### WORKING DATA

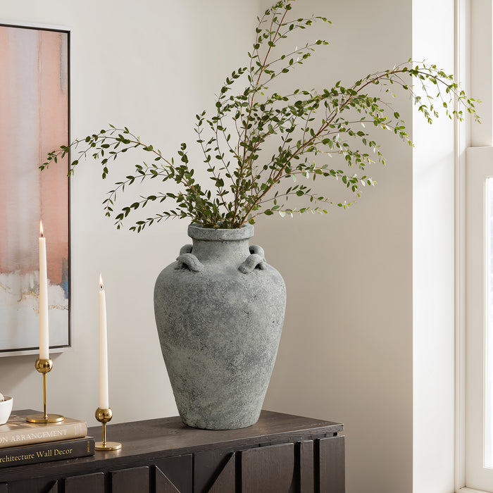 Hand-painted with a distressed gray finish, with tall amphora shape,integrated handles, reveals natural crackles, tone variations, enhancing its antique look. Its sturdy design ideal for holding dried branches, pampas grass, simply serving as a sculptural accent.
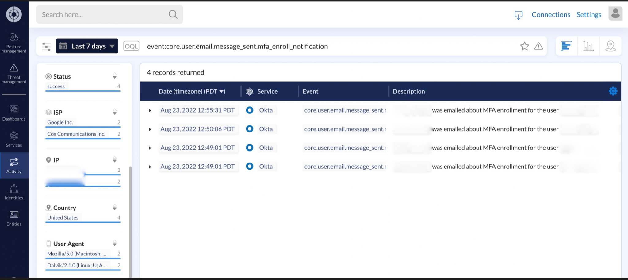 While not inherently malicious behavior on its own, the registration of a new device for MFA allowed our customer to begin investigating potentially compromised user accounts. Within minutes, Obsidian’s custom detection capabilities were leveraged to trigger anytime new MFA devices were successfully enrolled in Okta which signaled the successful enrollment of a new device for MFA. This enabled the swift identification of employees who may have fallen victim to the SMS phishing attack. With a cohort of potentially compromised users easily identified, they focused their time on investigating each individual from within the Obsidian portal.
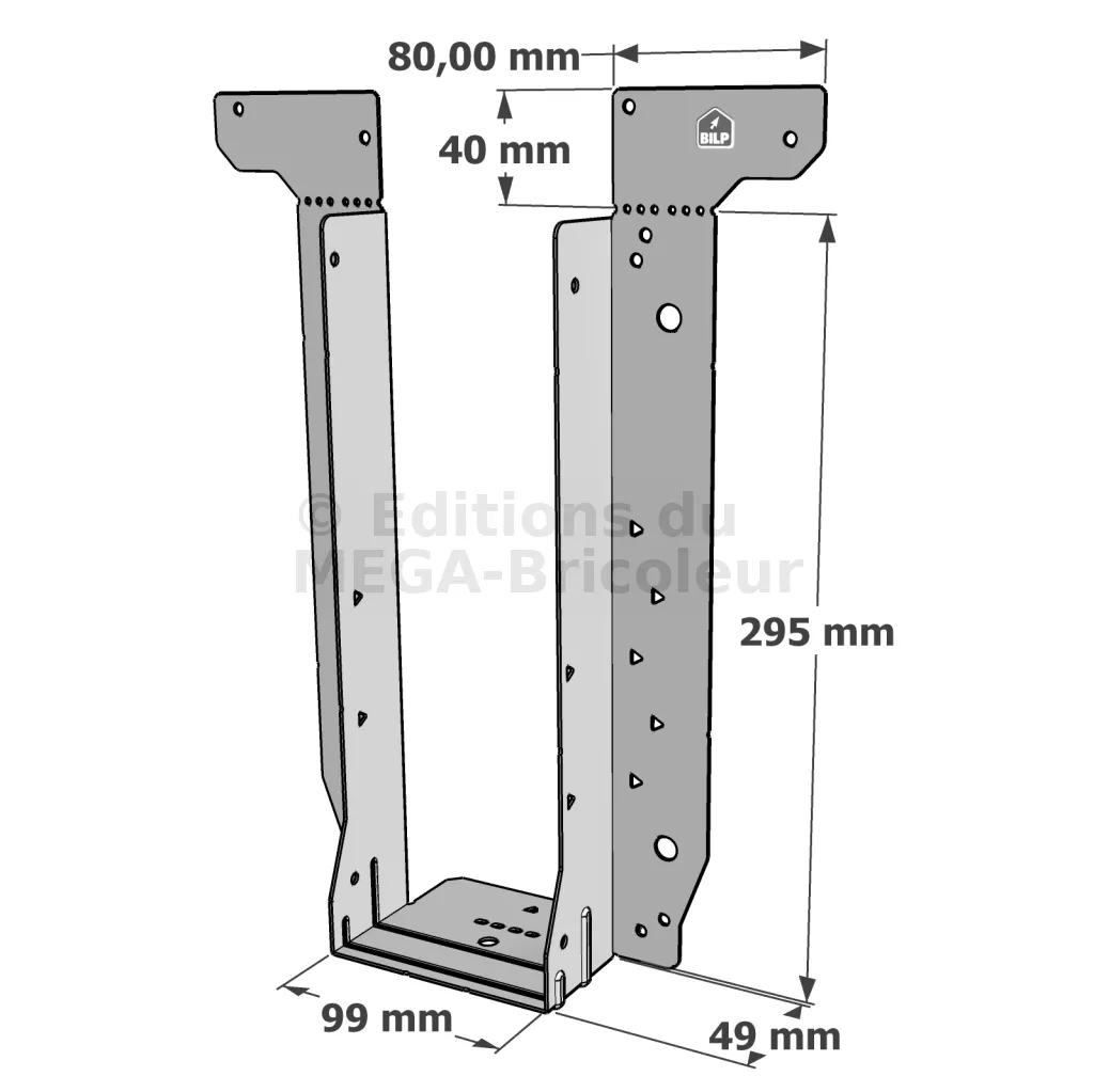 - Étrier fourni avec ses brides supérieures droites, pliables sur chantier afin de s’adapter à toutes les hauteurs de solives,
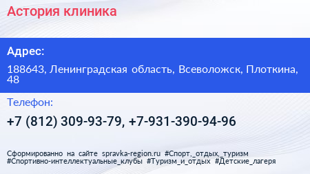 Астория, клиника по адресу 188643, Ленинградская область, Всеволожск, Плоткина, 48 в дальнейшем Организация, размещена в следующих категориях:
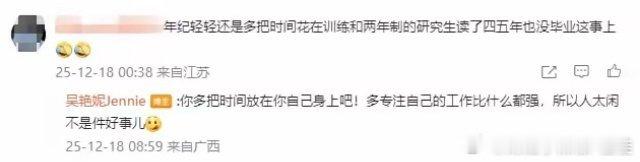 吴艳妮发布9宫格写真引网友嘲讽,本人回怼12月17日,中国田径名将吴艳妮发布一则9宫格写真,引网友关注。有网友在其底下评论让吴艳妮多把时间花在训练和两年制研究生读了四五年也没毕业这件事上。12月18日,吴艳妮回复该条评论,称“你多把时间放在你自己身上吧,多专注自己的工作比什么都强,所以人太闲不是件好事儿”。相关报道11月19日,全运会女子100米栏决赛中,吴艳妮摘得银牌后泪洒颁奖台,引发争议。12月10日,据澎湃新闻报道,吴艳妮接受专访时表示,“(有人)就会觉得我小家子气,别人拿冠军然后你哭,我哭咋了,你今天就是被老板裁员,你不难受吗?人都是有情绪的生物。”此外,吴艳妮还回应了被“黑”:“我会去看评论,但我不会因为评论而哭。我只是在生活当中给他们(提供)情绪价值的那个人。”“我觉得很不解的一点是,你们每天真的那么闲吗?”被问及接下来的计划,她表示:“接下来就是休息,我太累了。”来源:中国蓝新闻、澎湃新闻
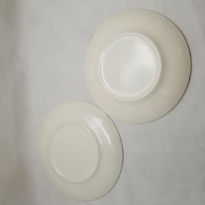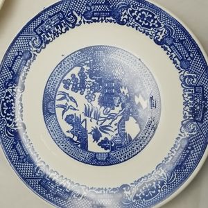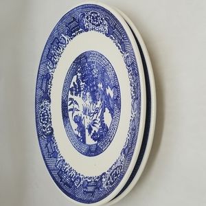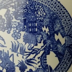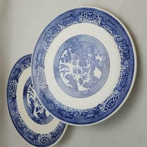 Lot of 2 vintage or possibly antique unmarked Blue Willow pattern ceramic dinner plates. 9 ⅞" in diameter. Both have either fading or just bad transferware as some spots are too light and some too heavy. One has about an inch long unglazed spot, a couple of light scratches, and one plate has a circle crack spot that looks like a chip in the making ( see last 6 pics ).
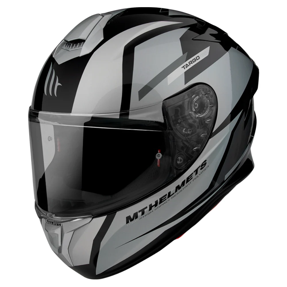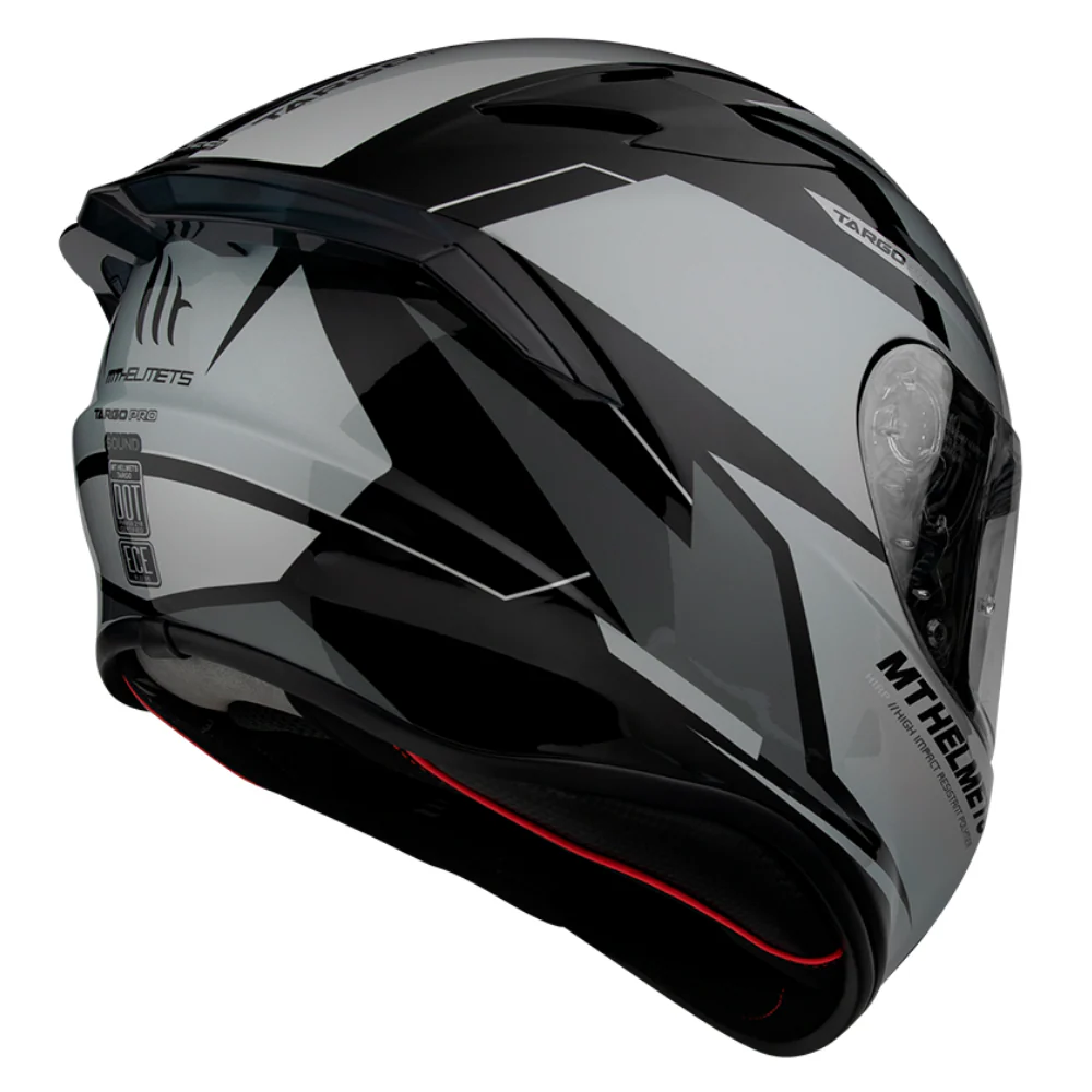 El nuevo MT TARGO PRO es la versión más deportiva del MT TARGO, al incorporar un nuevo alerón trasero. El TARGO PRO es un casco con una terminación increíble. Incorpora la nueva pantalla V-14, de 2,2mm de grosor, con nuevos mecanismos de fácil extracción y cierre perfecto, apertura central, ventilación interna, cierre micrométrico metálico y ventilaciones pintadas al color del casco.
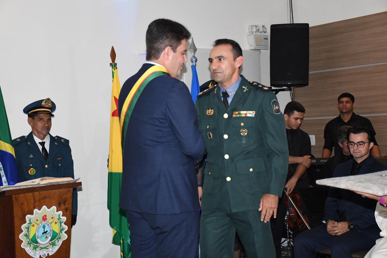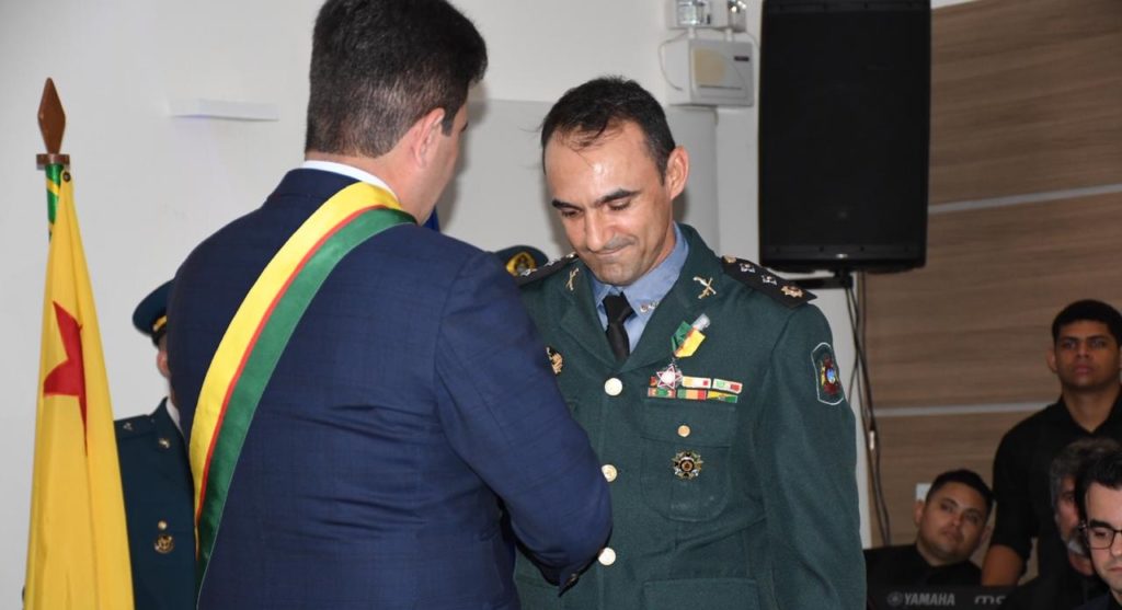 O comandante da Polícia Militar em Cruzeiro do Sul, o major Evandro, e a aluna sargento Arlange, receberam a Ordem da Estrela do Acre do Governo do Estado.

######

> WHAT YOU WILL DO
All entries above must be repeated exactly; pictures are to be left out.

> ANSWER TO THIS PROBLEM
 Hand-painted with a distressed gray finish, with tall amphora shape,integrated handles, reveals natural crackles, tone variations, enhancing its antique look. Its sturdy design ideal for holding dried branches, pampas grass, simply serving as a sculptural accent.
 While not inherently malicious behavior on its own, the registration of a new device for MFA allowed our customer to begin investigating potentially compromised user accounts. Within minutes, Obsidian’s custom detection capabilities were leveraged to trigger anytime new MFA devices were successfully enrolled in Okta which signaled the successful enrollment of a new device for MFA. This enabled the swift identification of employees who may have fallen victim to the SMS phishing attack. With a cohort of potentially compromised users easily identified, they focused their time on investigating each individual from within the Obsidian portal.
 - Étrier fourni avec ses brides supérieures droites, pliables sur chantier afin de s’adapter à toutes les hauteurs de solives,
 Астория, клиника по адресу 188643, Ленинградская область, Всеволожск, Плоткина, 48 в дальнейшем Организация, размещена в следующих категориях:
 吴艳妮发布9宫格写真引网友嘲讽,本人回怼12月17日,中国田径名将吴艳妮发布一则9宫格写真,引网友关注。有网友在其底下评论让吴艳妮多把时间花在训练和两年制研究生读了四五年也没毕业这件事上。12月18日,吴艳妮回复该条评论,称“你多把时间放在你自己身上吧,多专注自己的工作比什么都强,所以人太闲不是件好事儿”。相关报道11月19日,全运会女子100米栏决赛中,吴艳妮摘得银牌后泪洒颁奖台,引发争议。12月10日,据澎湃新闻报道,吴艳妮接受专访时表示,“(有人)就会觉得我小家子气,别人拿冠军然后你哭,我哭咋了,你今天就是被老板裁员,你不难受吗?人都是有情绪的生物。”此外,吴艳妮还回应了被“黑”:“我会去看评论,但我不会因为评论而哭。我只是在生活当中给他们(提供)情绪价值的那个人。”“我觉得很不解的一点是,你们每天真的那么闲吗?”被问及接下来的计划,她表示:“接下来就是休息,我太累了。”来源:中国蓝新闻、澎湃新闻
 Lot of 2 vintage or possibly antique unmarked Blue Willow pattern ceramic dinner plates. 9 ⅞" in diameter. Both have either fading or just bad transferware as some spots are too light and some too heavy. One has about an inch long unglazed spot, a couple of light scratches, and one plate has a circle crack spot that looks like a chip in the making ( see last 6 pics ).
 El nuevo MT TARGO PRO es la versión más deportiva del MT TARGO, al incorporar un nuevo alerón trasero. El TARGO PRO es un casco con una terminación increíble. Incorpora la nueva pantalla V-14, de 2,2mm de grosor, con nuevos mecanismos de fácil extracción y cierre perfecto, apertura central, ventilación interna, cierre micrométrico metálico y ventilaciones pintadas al color del casco.
 O comandante da Polícia Militar em Cruzeiro do Sul, o major Evandro, e a aluna sargento Arlange, receberam a Ordem da Estrela do Acre do Governo do Estado.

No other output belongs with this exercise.